A group of 9th Circuit conservatives, led by Judge Diarmuid O'Scannlain, railed against the opinion in a dissent to denial of en banc review. The Supreme Court responded, and now-Justice Kennedy joined an 8-1 majority throwing out Rymer's ruling last month. Justice Stephen Breyer was the lone dissent.

The other Rymer opinion to crumble on the shoals of Maryland Avenue came in a tax case, Boulware v. United States, 08 C.D.O.S. 2490, in which Rymer again created a circuit split by following 9th Circuit precedent. Judge Sidney Thomas wrote in a concurrence that he fully agreed with Rymer's analysis, but had the slate been clean, he would have followed the 2nd Circuit's analysis. Which is exactly what the Supreme Court did -- by a 9-0 vote.

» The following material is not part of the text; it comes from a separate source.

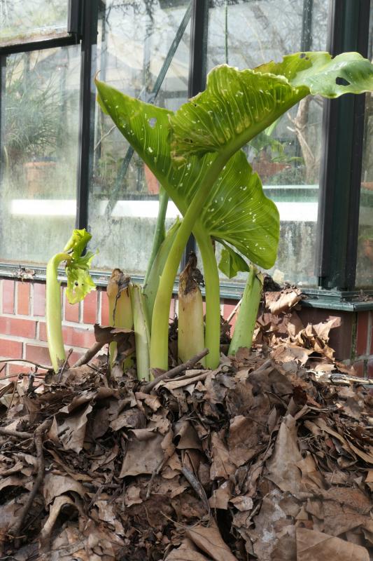 Zantedeschia erholt sich vom Winter unter dem dicken Laubhaufen. Bei Frost kommt noch eine Folie drüber.

Three months ago, the justices reversed Fisher's opinion upholding a challenged blanket primary election system in Washington state. The 9th Circuit panel had been unanimous, and in a strange Supreme Court constellation, Justice Clarence Thomas wrote the majority opinion in Washington State Grange v. Washington State Republican Party, 08 C.D.O.S. 2995, while Justices Anthony Kennedy and Antonin Scalia dissented.

Fisher had plenty of company for his other reversal this term: Eleven judges joined his en banc opinion upholding a California law that barred employers who receive state funds from using that money for or against unionizing efforts. The Supreme Court voted 7-2 to reverse the ruling on pre-emption grounds earlier this month, with Justice John Paul Stevens writing for the majority, in Chamber of Commerce v. Brown, 08 C.D.O.S. 7548.

The justices handed down the 10th and final 9th Circuit case of the term, Morgan Stanley Capital Group Inc. v. Public Utility District No. 1 of Snohomish County, Thursday, though it was overshadowed by the high court's gun case.